愛の言葉は届かない
田西 煮干
第1話
いつだったか俺は呪いにかけられたらしい。そんな呪いなんてあるわけないだろって俺もずっと思ってた。だって俺がうっすら覚えている小さいころの記憶と自分が話していたと親から聞かされただけだったからだ。
しかしどうやら呪いが本当らしいということが中学の卒業式の時に証明されてしまった。
卒業式が終わり、校庭で話し込んでいるグループや涙ぐんでいる女子たちが多くいる中、俺は同じ美術部の女子に呼び出されていた。もちろんこんな時に呼び出されているなんてどういうことなのかわからない俺ではない。一応部活でも仲良くしていたし、俺だっていい人だとは思ってた人だから嘘のものでもないだろう。
そんなわけで少し緊張しながらも心はウキウキなんて感じで誰もいない校舎裏へ向かうとそこには呼び出してくれた女子がすでに待っていた。
そもそも俺の呪いが何なのか、わからない人がほとんどだろう。俺だってその時まではしっかり理解していなかったのだから。
愛の言葉だけが聞こえない、ただそれだけのことなのだから。
「実は私、その、・・・」
意識がなくなったわけでもないのにそこから先の言葉を俺は聞き取ることができなかった。読唇術を会得しているわけでもないため口が動いているのを見ても何を言っているのかは分からなかった。

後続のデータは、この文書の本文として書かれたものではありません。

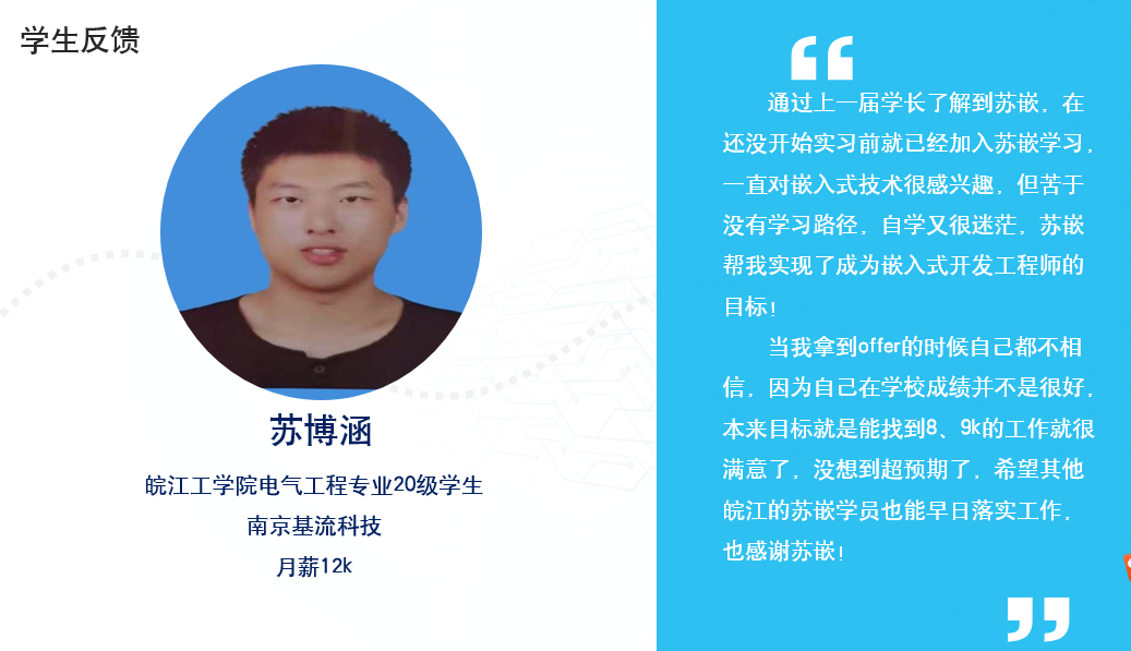 图5电气专业20级学生苏博涵主动参加企业实践提前就业高薪岗位
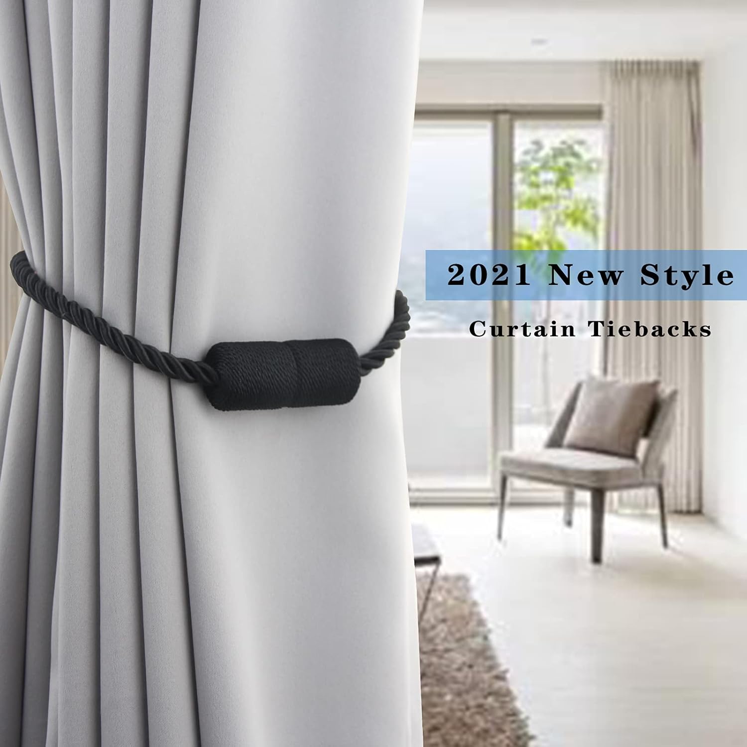 2 Pack Black Strong Magnetic Curtain Tiebacks Outdoor Elegant Decorative Tie Backs Modern Rope Tiebacks for Drapes Window Curtain Holdbacks for Draperies
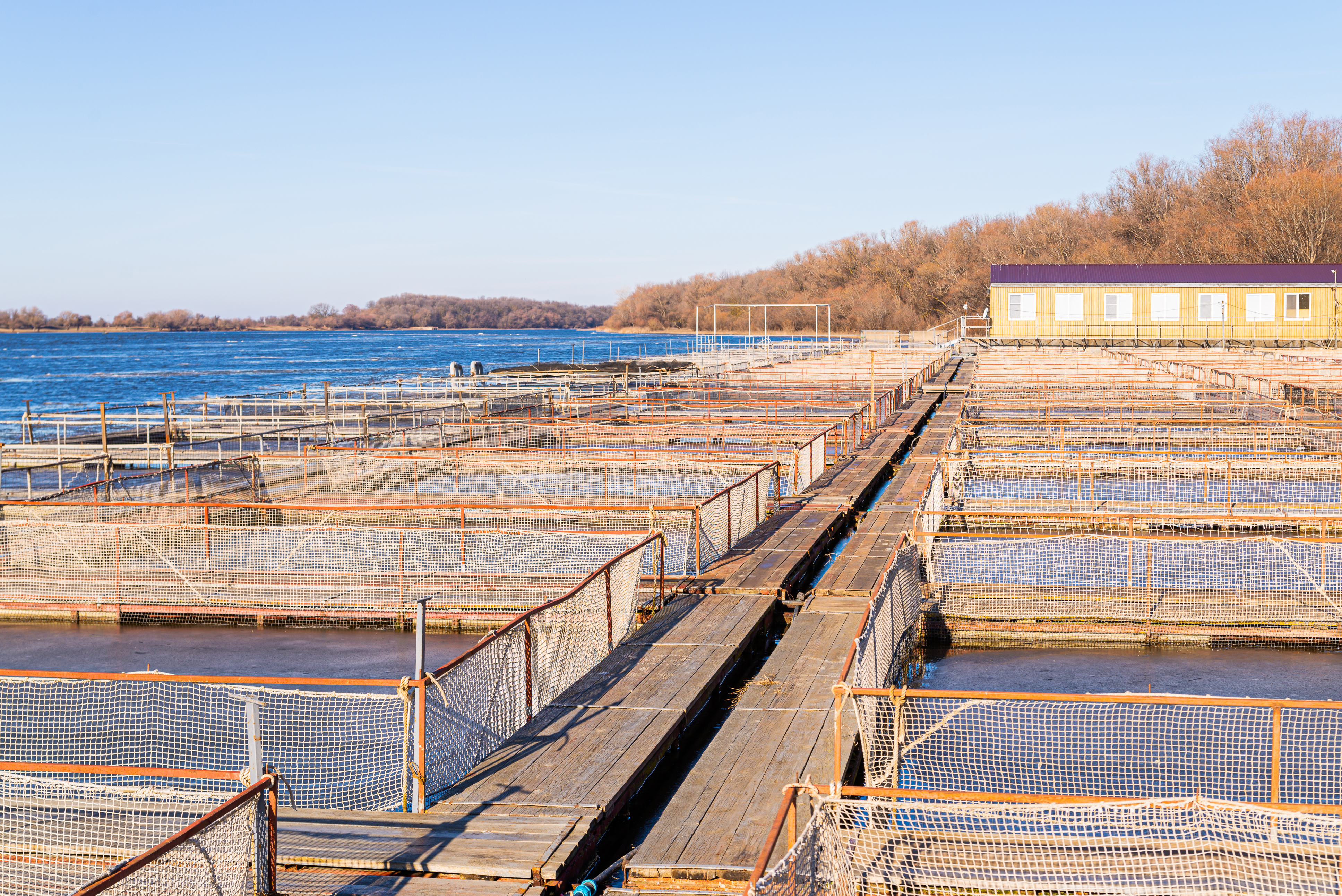 This image captures a sprawling industrial sturgeon fish farm situated on the edge of a large, calm lake under a clear blue sky. The facility consists of numerous rectangular net pens arranged in neat rows, connected by long wooden walkways that allow for easy access and monitoring of the aquatic environment. A small yellow building with a purple roof stands prominently at the far end, likely serving as an administrative or processing center. Surrounding the farm is a forested shoreline with bare trees, suggesting late autumn or early winter conditions. The scene reflects the scale and organization of modern aquaculture operations designed for commercial breeding of sturgeon. The bright sunlight casts clear shadows across the wooden planks and metal netting, enhancing the textures of rusted metal frames and weathered wood.

適当に返事するわけにもいかないが、そもそもなんと言っているのかわからないため返事のしようもない。
さらには、その時の俺は自分の呪いのことなんて考えてもいなかったからなんで聞こえないのかもわかっていなかった。
結局何の返事もできないままに、その女子は泣きながら去ってしまった。
「ごめん、本当にごめんなさい。」
誰もいなくなった校舎裏でひとり呟いていた。
そんなことがあり、俺はそのときから俺に降り注いだ呪いのことを信じている。細かく言えばあの後家に帰って呪いのことを思い出してからであるが。
そんなことがあったのだから、俺は必要以上に女子と仲良くなることに臆病になってしまった。全くかかわらないということではないが、またあの子みたいに傷つけてしまうのではないか、そんなことを考えてしまう。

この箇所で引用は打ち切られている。